How to Write arcsin in Log Form for Integration

[azatkgz]

It seems to that i went wrong way.

Homework Statement

\int \frac{arcsin(e^x)dx}{e^x}

The Attempt at a Solution

=-\frac{arcsin(e^x)}{e^x}+\int \frac{dx}{\sqrt{1-e^{2x}}}


\int \frac{dx}{\sqrt{1-e^{2x}}}=\frac{x}{\sqrt{1-e^{2x}}}+\int \frac{xe^{2x}dx}{(1-e^{2x})^{\frac{3}{2}}}

 

[ppyadof]

Ever thought about writing arcsin in log form (the inverse function of sin when sin is written in complex numbers), that way something might happen between the logs and the exp's. I haven't tried it, so I don't know, its just a suggestion.

 

[azatkgz]

Here is the another way I tried.
u=e^{-x}
-\int arcsin(\frac{1}{u})du=-\int arccsc(u)du=-uarccsc(u)-\int\frac{du}{\sqrt{u^2-1}}

 

[azatkgz]

Than for
u=sec\theta\rightarrow du=\frac{sin\theta d\theta}{cos^2\theta}

 

[azatkgz]

\int\frac{du}{\sqrt{u^2-a}}=-\int\frac{d\theta}{cos\theta}
But I don't know,actually,how to integrate last one.

 

[rocomath]

-\int\frac{d\theta}{\cos{\theta}}

trig identity

-\int\sec{\theta}d\theta

 

[azatkgz]

Ok,than please check everything.
\int \frac{arcsin(e^x)dx}{e^x}

u=e^{-x}

-\int arcsin(\frac{1}{u})du=-\int arccsc(u)du=-uarccsc(u)-\int\frac{du}{\sqrt{u^2-1}}




u=sec\theta\rightarrow du=\frac{sin\theta d\theta}{cos^2\theta}

=-uarccsc(u)+\int\sec{\theta}d\theta

=-uarccsc(u)+ln|sec\theta+tan\theta|

=-e^{-x}arccsc(e^{-x})+ln|e^{-x}+e^{-x}\sqrt{1-\frac{1}{e^{-2x}}}|

 

[azatkgz]

Sorry,I've posted answer to another question here.

 

[Gib Z]

Post 7, you made a sign error.

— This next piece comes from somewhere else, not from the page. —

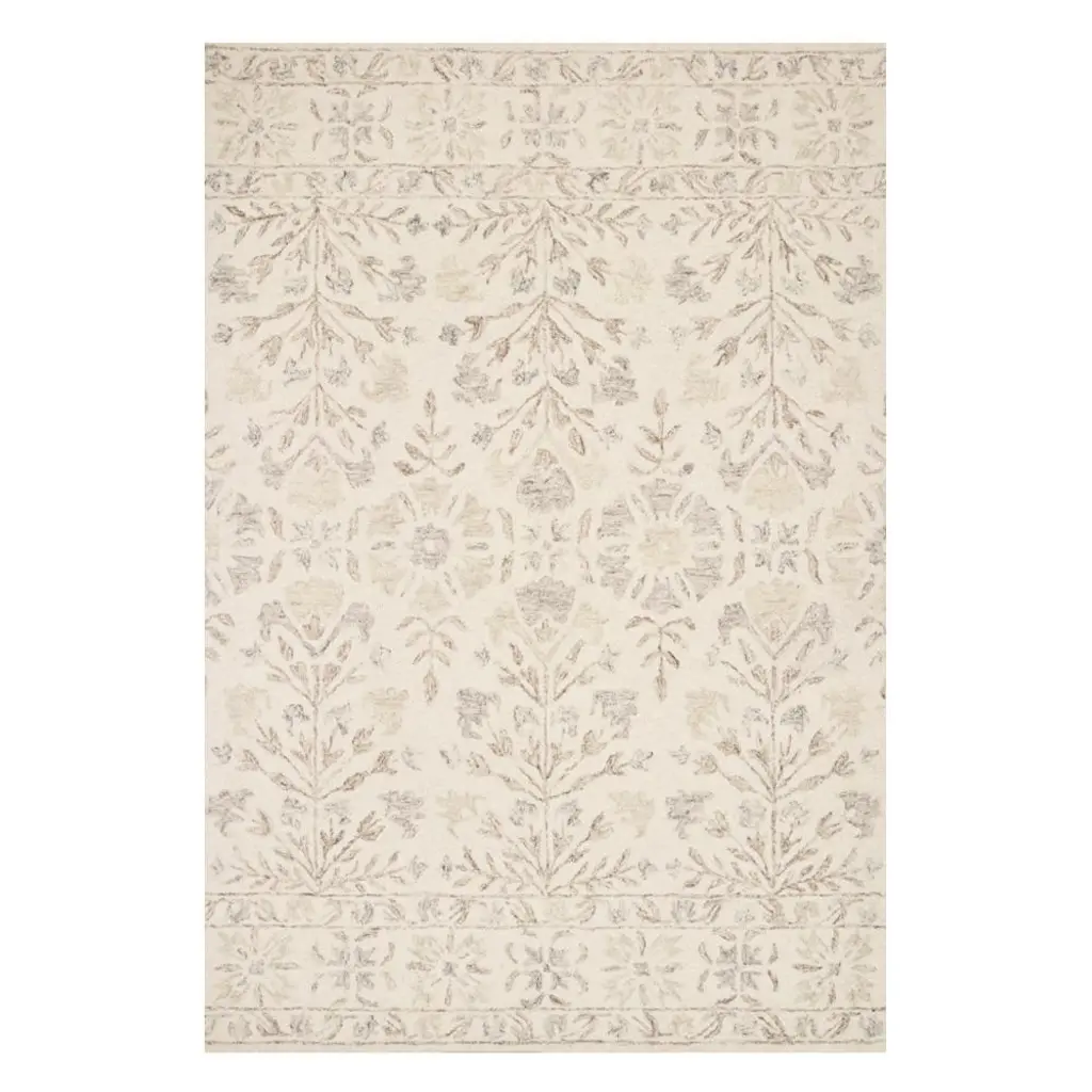 Elevate your home decor with this elegant area rug, sized at 3 feet by 5 feet, perfect for adding a touch of sophistication to any room. The rug features a beautiful blend of blue and ivory hues, creating a serene ambiance. Its small rectangular shape and low profile height of 3/8 inch make it a versatile addition to your space. Crafted using the hand tufted technique, this rug boasts a wool pile that offers a soft and inviting texture underfoot. Originating from India, it embodies a traditional style with its intricate floral flower pattern, resonating a classic charm and timelessness. This rug effortlessly combines style and comfort, making it a delightful choice for any living area. Transform your interiors and create a welcoming atmosphere with this graceful decorative piece.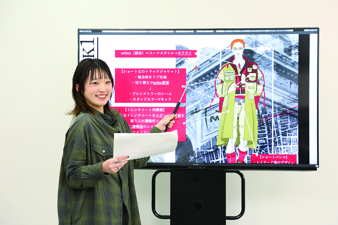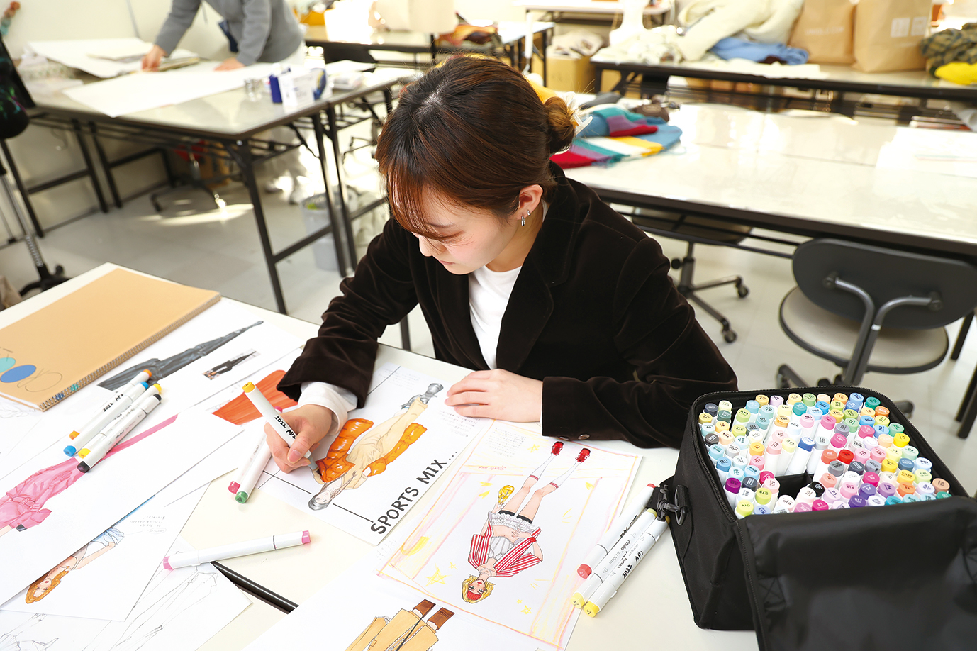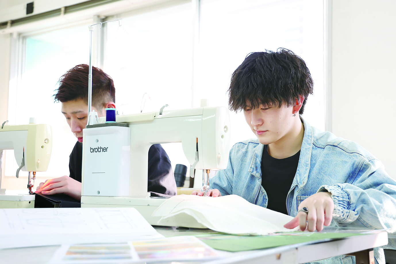 オリジナルブランドを考える授業は、企画からプレゼンまで行うので大変ですが楽しいです。コースでは、生地選びひとつでも、縫製の仕方や予算を考慮するなど、作ってみないとわからないことを学べます。

Suddenly the sec integral becomes positive...other than that, the answer is fine, but it would look nicer if you took the e^(-x) under the sqrt sign in the log, as the argument of the log is always positive anyway, no need for absolute value signs.